Its reliability has declined sharply since the launch of Mail Privacy Protection. It’s still useful for comparing similar campaigns, but its absolute value no longer has much meaning. It’s better to supplement or even replace it with filtered clicks and, above all, conversion indicators.
HOW DOES EDIWARE FILTER OUT FALSE CLICKS?
Ediware offers an optional filter that combines two mechanisms. The first is temporal: clicks and opens recorded within six seconds of receipt are automatically ignored. The second is based on a database of several hundred IP addresses and hostnames of identified robots, whose interactions are excluded from the statistics.
DO CLICK BOTS HARM MY DELIVERABILITY?
No, not directly. Click bots aren’t there to penalize you, but to protect recipients. If you respect good emailing practices, their presence won’t affect your reputation as a sender. On the other hand, they do distort your statistics, which can lead you to make poor decisions, and these poor decisions in turn can affect your deliverability in the long term.
WHICH METRICS SHOULD BE USED INSTEAD OF THE OPENING RATE?
Concentrate on click-through rates (provided they’re filtered out by robots), and above all on conversions: visits to your site, downloads, contact requests, sales. These indicators measure real actions that bots can’t simulate. UTM parameters will enable you to track these conversions in your analytics tool.
Conclusion
Clicking robots and privacy protection mechanisms like Apple MPP are not threats to email marketing. They are logical developments, driven by legitimate concerns for security and confidentiality. But they do have one direct consequence: open and click statistics can no longer be taken at face value.

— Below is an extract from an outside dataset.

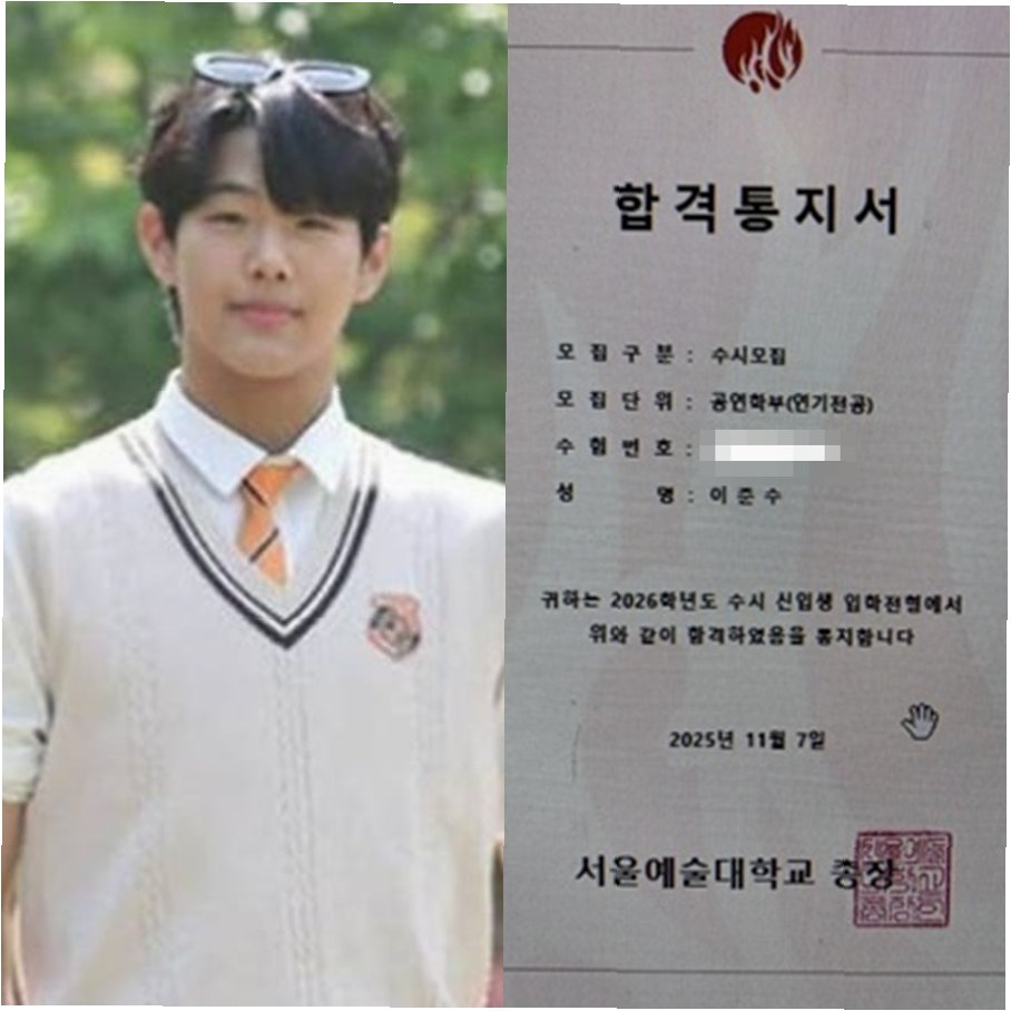 이준수가 서울예술대학교 최종 합격 소식을 알리며 배우로서의 꿈을 향한 힘찬 발걸음을 내디뎠습니다. 아버지의 뒤를 이어 연기자의 길을 걷게 될 이준수의 활약에 많은 기대가 모아지고 있으며, 그의 성장과 도전을 응원합니다.

For B2B professionals, where volumes are limited and every interaction counts, this reality calls for adaptation. This means choosing emailing software that takes the problem seriously, activating the filters available, and moving towards more reliable conversion metrics.
At Ediware, we’ve opted for transparency. Our optional filter enables our users to retrieve statistics that are close to reality, without any artifice. Because good marketing decisions are always based on reliable data.